SECTION 2.02 Registration in Global or Book-Entry Form. The Company Units shall not be represented by certificates, unless requested by the holder of such Company Units, or the Board provides so by resolution or otherwise. Promptly after the Effective Time, the Company shall register, or cause to be registered, in book-entry or global form, as determined by the Board, the Company Series A Preferred Units, Company Series B Preferred Units and Company Common Units into which the outstanding Partnership Interests represented by the Series A Preferred Units, Series B Preferred Units, Common Units and General Partner Interest, as applicable, shall have been converted as a result of the Conversion.
SECTION 2.03 No Further Rights in Units.

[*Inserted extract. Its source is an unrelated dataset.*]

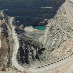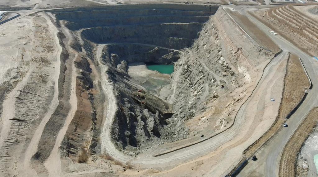 生金礦業公司公忽洞鐵礦深達97米的越界采坑(無人機照片)。新華社記者 恩浩 2022年3月27日攝

The Company Series A Preferred Units, Company Series B Preferred Units and Company Common Units into which the outstanding Partnership Interests represented by Series A Preferred Units, Series B Preferred Units, Common Units and the General Partner Interest, as applicable, shall have been converted as a result of the Conversion in accordance with the terms hereof shall be deemed to have been issued in full satisfaction of all rights pertaining to such Partnership Interests. Immediately following the Effective Time, the Series A Preferred Units, Series B Preferred Units, Common Units and General Partner Interests of the Partnership shall cease to exist, and the holder of any such securities immediately prior to the Effective Time shall cease to have any rights with respect thereto.
SECTION 2.04 Transfer Books. At the Effective Time, there shall be no further registration of transfers on the transfer books of the Partnership of any securities that were outstanding immediately prior to the Effective Time.
ARTICLE III
MISCELLANEOUS
SECTION 3.01 Licenses, Permits, Titled Property, Etc. As applicable, following the Effective Time, to the extent required, the Company shall apply for new U.S. and foreign tax identification numbers, qualifications to conduct business (including as a foreign entity), licenses, permits and similar authorizations on its behalf and in its own name in connection with the Conversion and to reflect the fact that it is a limited liability company. As required or appropriate, following the Effective Time, all real, personal and intangible property of the Partnership which was titled or registered in the name of the Partnership shall be re-titled or re-registered, as applicable, in the name of the Company by appropriate filings and/or notices to the appropriate parties (including, without limitation, any applicable governmental agencies).
SECTION 3.02 Further Assurances. If, at any time after the Effective Time, the Company shall determine or be advised that any deeds, bills of sale, assignments, agreements, documents or assurances or any other acts or things are necessary, desirable or proper, consistent with the terms of this Plan, (a) to vest, perfect or confirm, of record or otherwise, in the Company its right, title or interest in, to or under any of the rights, privileges, immunities, powers, purposes, franchises, properties or assets of the Partnership, or (b) to otherwise carry out the purposes of this Plan, the Company and its proper officers and directors (or their designees) are hereby authorized to solicit in the name of the Company or the Partnership any third party consents or other documents required to be delivered by any third party, to execute and deliver, in the name and on behalf of the Company or the Partnership, all such deeds, bills of sale, assignments, agreements, documents and assurances and do, in the name and on behalf of the Company or the Partnership, all such other acts and things necessary, desirable or proper to vest, perfect or confirm its right, title or interest in, to or under any of the rights, privileges, immunities, powers, purposes, franchises, properties or assets of the Company or the Partnership and otherwise to carry out the purposes of this Plan.
SECTION 3.03 Implementation and Interpretation; Termination and Amendment. This Plan shall be implemented and interpreted, prior to the Effective Time, by the General Partner and, following the Effective Time, by the Board, (a) each of which shall have full power and authority to delegate and assign any matters covered hereunder to any other party(ies), including, without limitation, any directors of the general partner of the Partnership or any directors or officers of the Company, as the case may be, and (b) the interpretations and decisions of which shall be final, binding, and conclusive on all parties. The General Partner at any time prior to the Effective Time may terminate, amend or modify this Plan. Upon such termination of this Plan, if the Certificate of Conversion and the Certificate of Formation have been filed with the Registrar of Corporations of the Republic of the Marshall Islands, but have not become effective, any person or entity that was authorized to execute, deliver and file such certificates may execute, deliver and file a Certificate of Termination (or equivalent document or certificate) of such certificates.